Long-range interactions and phase defects in chains of fluid-coupled oscillators

TL;DR

This study investigates how long-range hydrodynamic interactions influence collective dynamics and phase defects in chains of fluid-coupled oscillators, revealing transitions from wave-like patterns to chevrons and chimera-like states.

Contribution

It introduces a minimal experimental and numerical model showing the impact of interaction range on collective oscillation patterns and phase-locking in fluid-coupled systems.

Findings

Transition from traveling wave to chevron pattern with increased distance from the wall

Observation of periodic phase defects and chimera-like states

Hydrodynamic interaction range critically affects collective dynamics

Abstract

Eukaryotic cilia and flagella are chemo-mechanical oscillators capable of generating long-range coordinated motions known as metachronal waves. Pair synchronization is a fundamental requirement for these collective dynamics, but it is generally not sufficient for collective phase-locking, chiefly due to the effect of long-range interactions.
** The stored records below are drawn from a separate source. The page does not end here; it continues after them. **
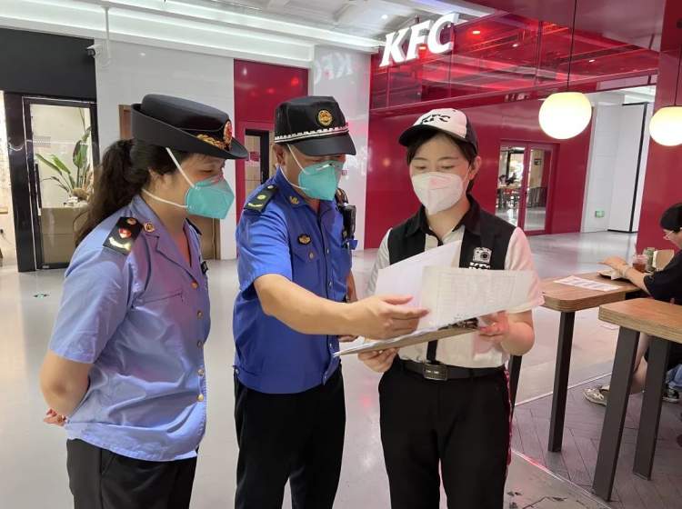 执法队员来到一家KFC店门前,首先通过后台数据查看了扫该店场所码的人数,并与该店当天的营业记录进行了比对。“如果营业记录与扫场所码人数出现了严重的不匹配,说明商家没有做到‘逢进必扫、逢扫必验、不漏一人’,我们会根据情节严重程度,对店家开具整改通知或闭店处罚等措施。”五角场街道商圈楼委会书记许之曦说道。随后,巡查执法队员还对店家当天的消杀台帐和店员的核酸检测记录一一进行了检查。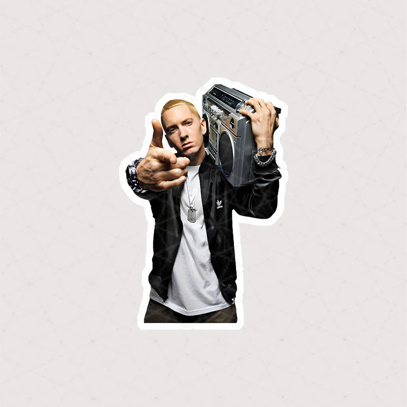 استیکر امینم و ضبط صوت ، را میتوانید در سایز های مختلف و 3 مدل کاغذی – پارچه ای و ژله ای از پچول خریداری کنید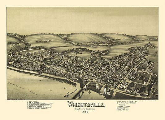 Wrightsville Pennsylvania - Fowler 1894 White Modern Wood Framed Art Print with Double Matting by Fowler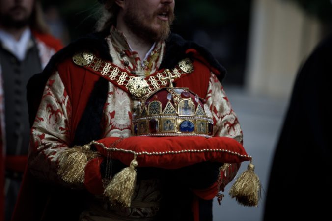 Pohľad na korunovačné insígnie počas korunovačného sprievodu Maximiliána II. Habsburského pri príležitosti podujatia Bratislavské korunovačné dni 2020 v rámci osláv kráľovskej minulosti Bratislavy. Bratislava, 16. august 2020. Foto: SITA/Branislav Bibel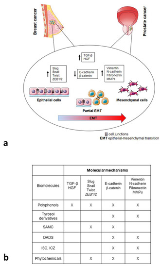 Epithelial-to-mesenchymal transition (EMT) program in breast and prostate cancers and roles exerted by different compounds belonging to Mediterranean diet. (a) Molecular processes leading to EMT development. MMPs, metalloproteinases; TGF-β, transforming growth factor beta; HGF, hepatocyte growth factor (figure created using Servier Medical Art available at https://smart.servier.com, accessed on 10 June 2021). (b) Bioactive molecules in EMT process grouped for chemical nature and their site of action, which is indicated by “X”.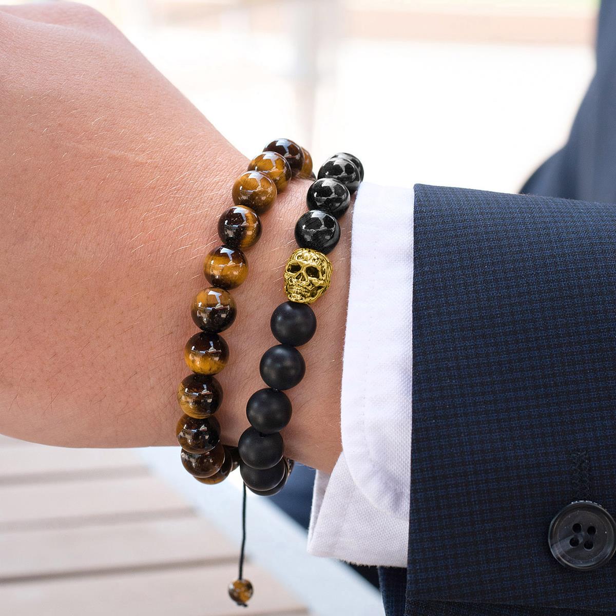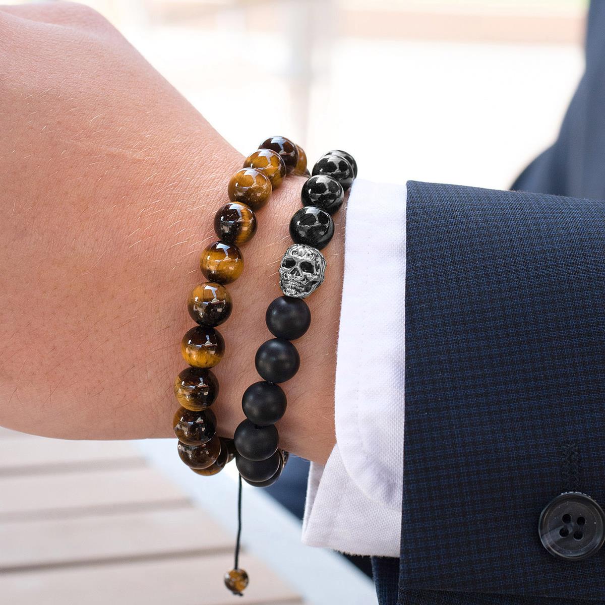 Wear this bold stone stretch bracelet and easily pair it with every look. The bracelet has 9 matte Onyx stones contrasted by 9 polished Onyx stones. The center of the bracelet has 1 skull bead and 1 steel bead spacer bead on the opposite end.

Here we explore experimentally and numerically a minimal model for a ciliated surface; hydrodynamically coupled oscillators rotating above a no-slip plane. Increasing their distance from the wall profoundly effects the global dynamics, due to variations in hydrodynamic interaction range. The array undergoes a transition from a traveling wave to either a steady chevron pattern or one punctuated by periodic phase defects. Within the transition between these regimes the system displays behavior reminiscent of chimera states.